# almost a frost today!!!



## guest (Sep 16, 2003)

well it was 35.5 degrees this morning.. man you can feel winter in the air and its not even fall till tomorrow.. 


hope its not a sign of things to come.. but of course it is....


at least it will kill the damned bugs.


----------



## Stewart (Sep 17, 2003)

Brrrrrr......I am going to mow the yard tonight and then jump in the pool!! We are still in the 90's. We do need a cold winter to kill of the bugs here as well.:shower:


----------



## jodyand (Sep 16, 2003)

It was 61 deg here this morning feels like fall


----------



## memmurphy (Sep 18, 2003)

Low 40's F here last two mornings. I love the Canadian air, low humidity, and the deep blue sky that comes with it.

Ahhh, I can finally breath again!  

Mark


----------



## Ingersoll444 (Sep 17, 2003)

Been real cold at nights here. Spent sunday pulling anything usefull out of the garden, and mowing down, and tilling in the rest. I am REALY not ready for winter................


----------



## Chipmaker (Sep 16, 2003)

And you all ain't packed and headed south yet? Great Day! Frost and I'm still working on my tan for another month or two, maybe more. Sure glad I don;t have to "hibernate" anymore, just have to duck a few tornadoes and hurricanes every now and then and suck up that sunshine.


----------



## guest (Sep 16, 2003)

> _Originally posted by Chipmaker _
> *just have to duck a few tornadoes and hurricanes every now and then and suck up that sunshine. *


and dodge poisonious snakes and alligators....


----------



## jodyand (Sep 16, 2003)

> _Originally posted by simple_john _
> *and dodge poisonious snakes and alligators.... *


You have more to worry about then poisonous snakes and alligators. There call MOSQUITOES:hide: :lmao:


----------



## guest (Sep 16, 2003)

> _Originally posted by jodyand _
> *You have more to worry about then poisonous snakes and alligators. There call MOSQUITOES:hide: :lmao: *


good point man!!! Friggin misquitos.. 
but when we get a few cold days it really thins them out and this is the best time of year to work out in the yard...
the 35 degrees was cold the next few days are set to be in the 70's and 50's at night. 
im taking a few days off to do a little fishing... before the lakes freeze:furious: :furious:


----------



## Chipmaker (Sep 16, 2003)

While we may have snakes and gators to contend with but its not on a day to day or as in the case with mosquitos, a second by second battle and lots of annoyance. A stray gator is bound to happen every now and then, same with snakes, but at least snakes don't travel in a swarm and gang up on you. I hate a mosquito. We also have something else around here you would definately like....fire ants! I think every state besides just those in the south should have a fire ant mound in every yard!

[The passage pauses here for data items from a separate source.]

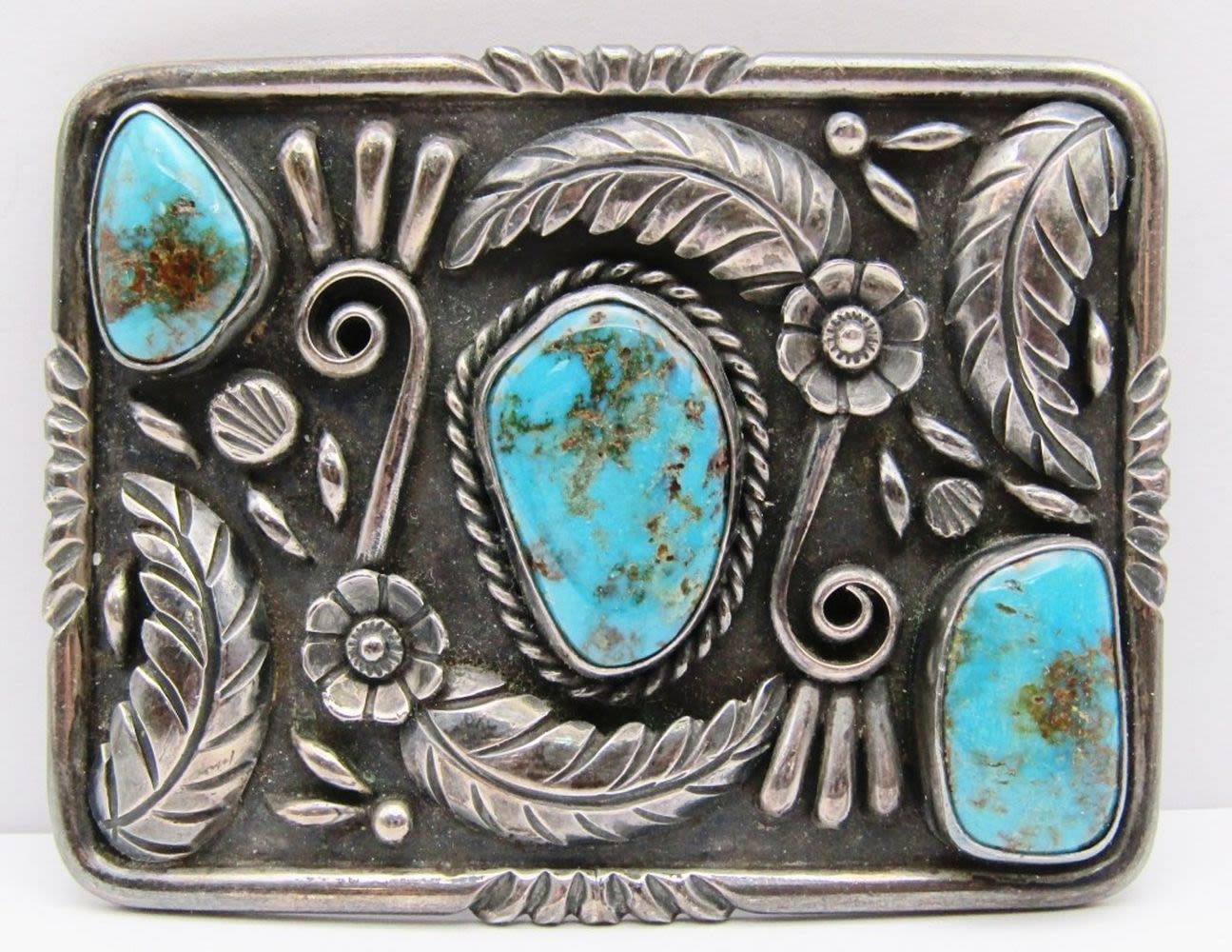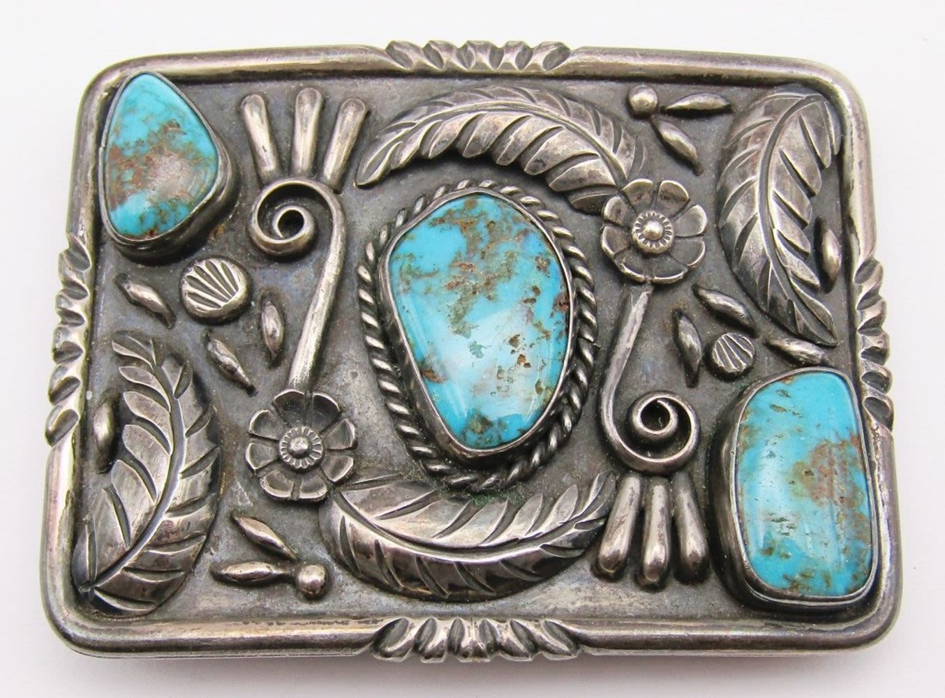 BUCKLE WITH TURQUOISE STONES-LEAF DESIGN-TOTAL 50 DWT
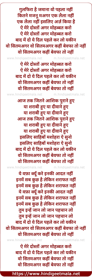 Lyrics of Ae Mere Dosto Agar Mahobbat Karo - ऐ मेरे दोस्तों अगर मोहब्बत करो
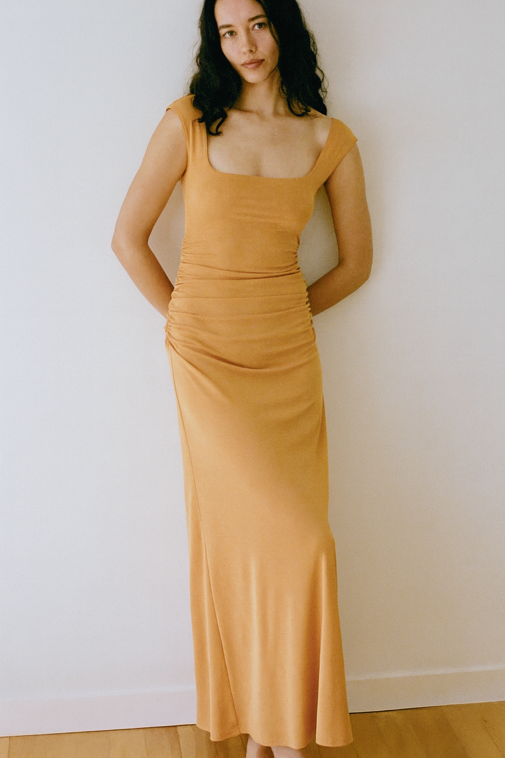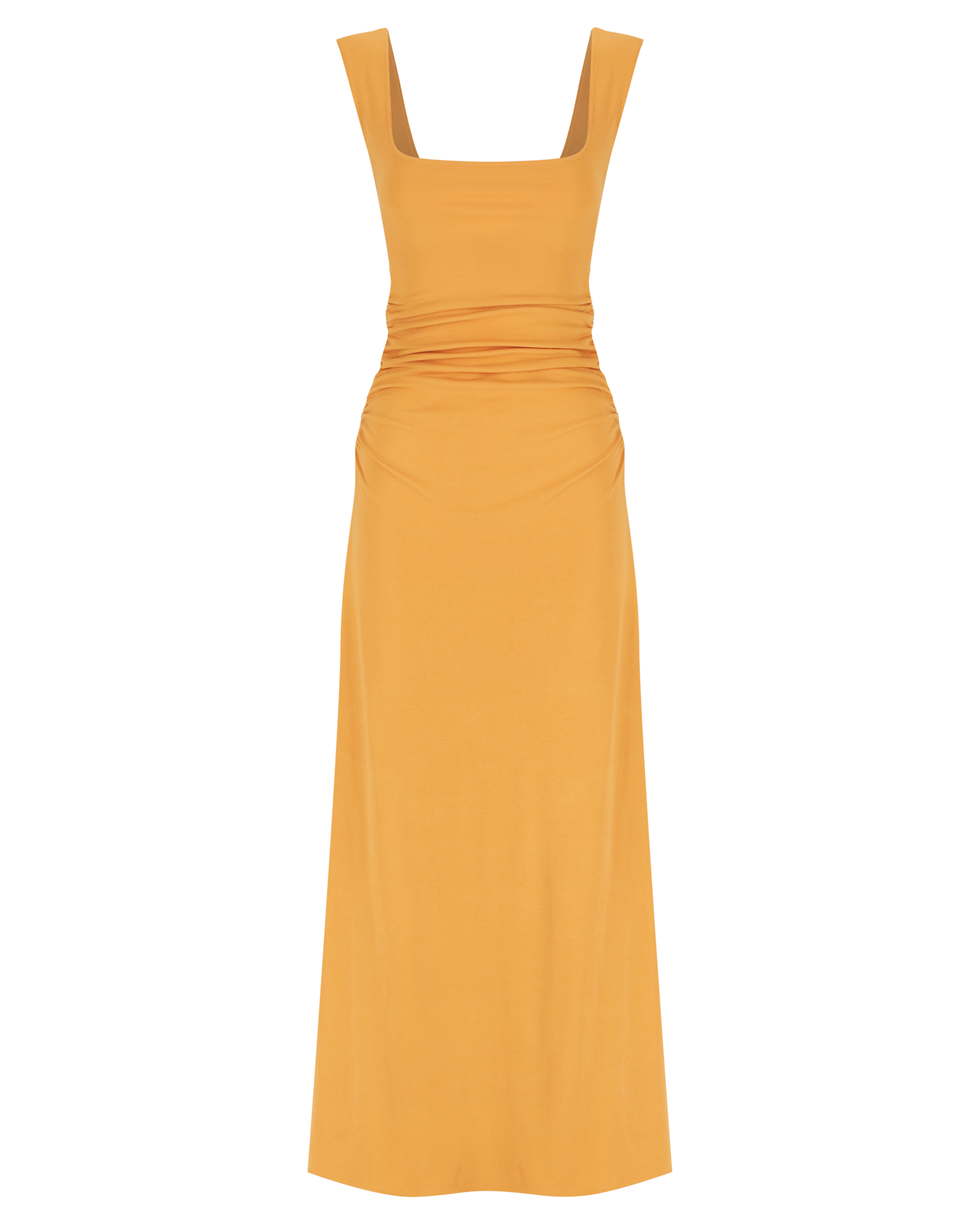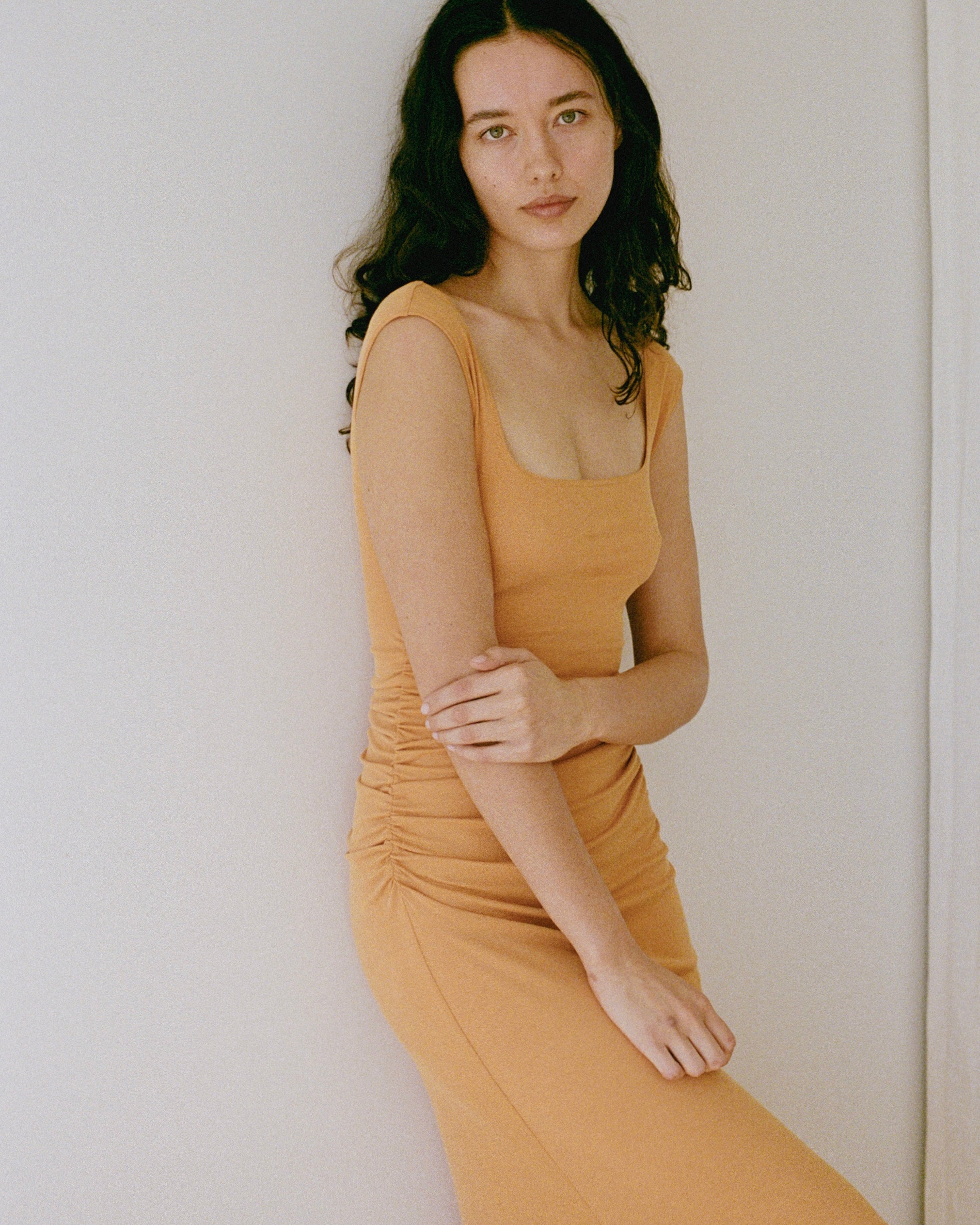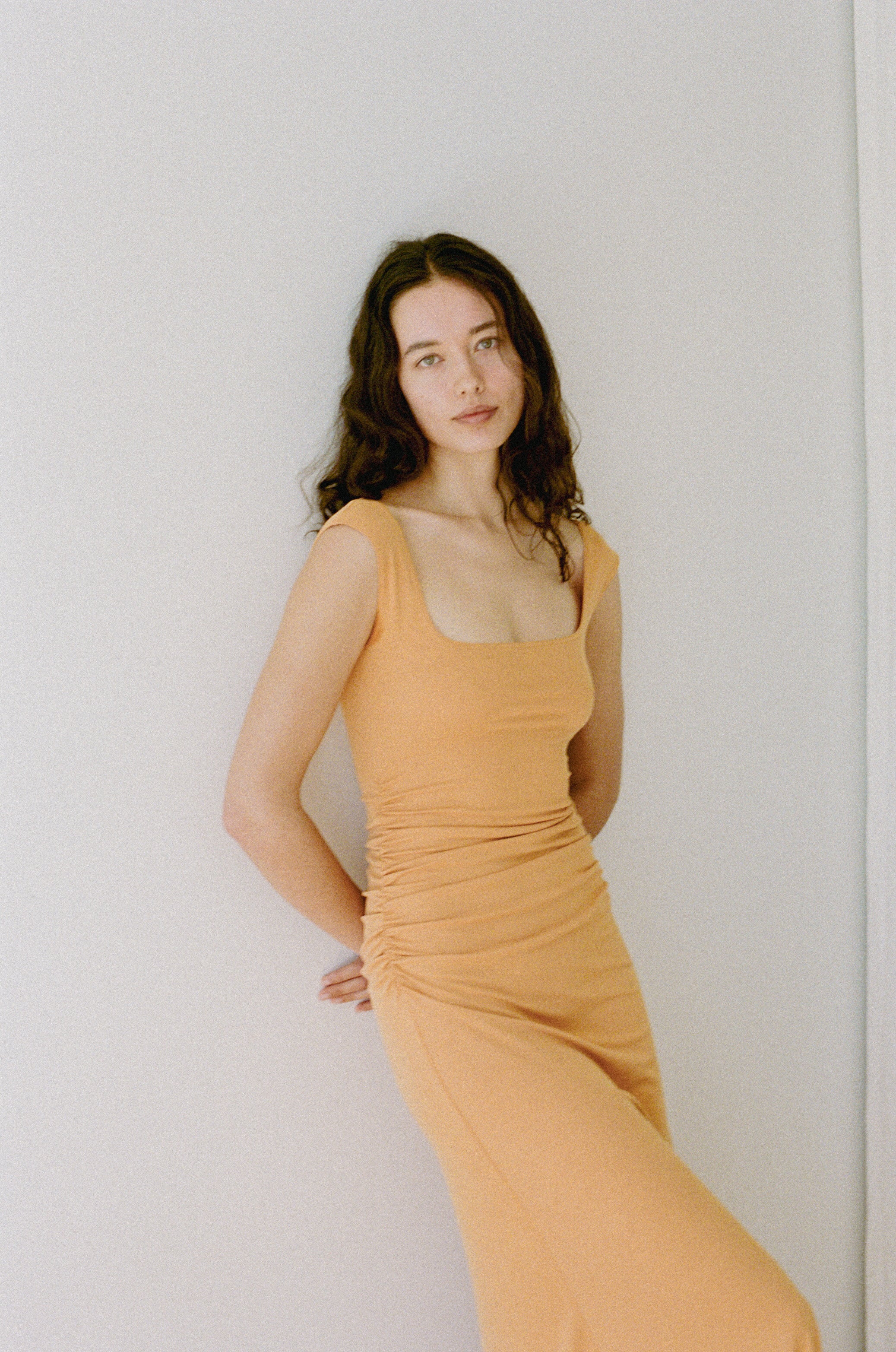Our classic Naia square neckline in a new 'to the floor' length. Features ruching at the sides and has a simple scoop back. Made from a soft premium cupro blend which has stretch and a subtle sandwash finish. A classic elegant shape.

So your gonna get some fishing in before the lake freeezes.....cool, or would that be cold!


----------



## guest (Sep 16, 2003)

hey dont you southeners have misquitos? is that only a northern thing? 


Maine also has those wonderful black flys & fleas...
we get the black fleas - called no-see-ums in the spring 
then the misquitos and in the hot summer the black flies come out... 

so many insects buzzing & biting... i consider swatting bugs a workout!!


----------



## Chipmaker (Sep 16, 2003)

I don't have what I conside to be a mosquito problem here at all. I can set outside early evening or late night and not get run off by those things, however I wold not want to venture way back in the lower area where the swamp is at, as they would eat you alive, but if you keep containers free of water etc and the gras and weeds cut down, mosquitos here in my area are not a problem. I think Canada holds the record for having the most largest and peskiest mosquitos. I remember one year a friend and I bought a bear hunting trip, and it had to be one of the most miserable times of my life. Setting in a tree over looking a landfill and a 55 gal drum full of dead fish wearing a mosquito head net and long sleeves sweating our butts off, dpn't remember what month it was anymore but it was hot and humid, and there was all these thick black clouds of mosquitoes.......heck they were so thick it was like an eclipse of the sun at times.........


----------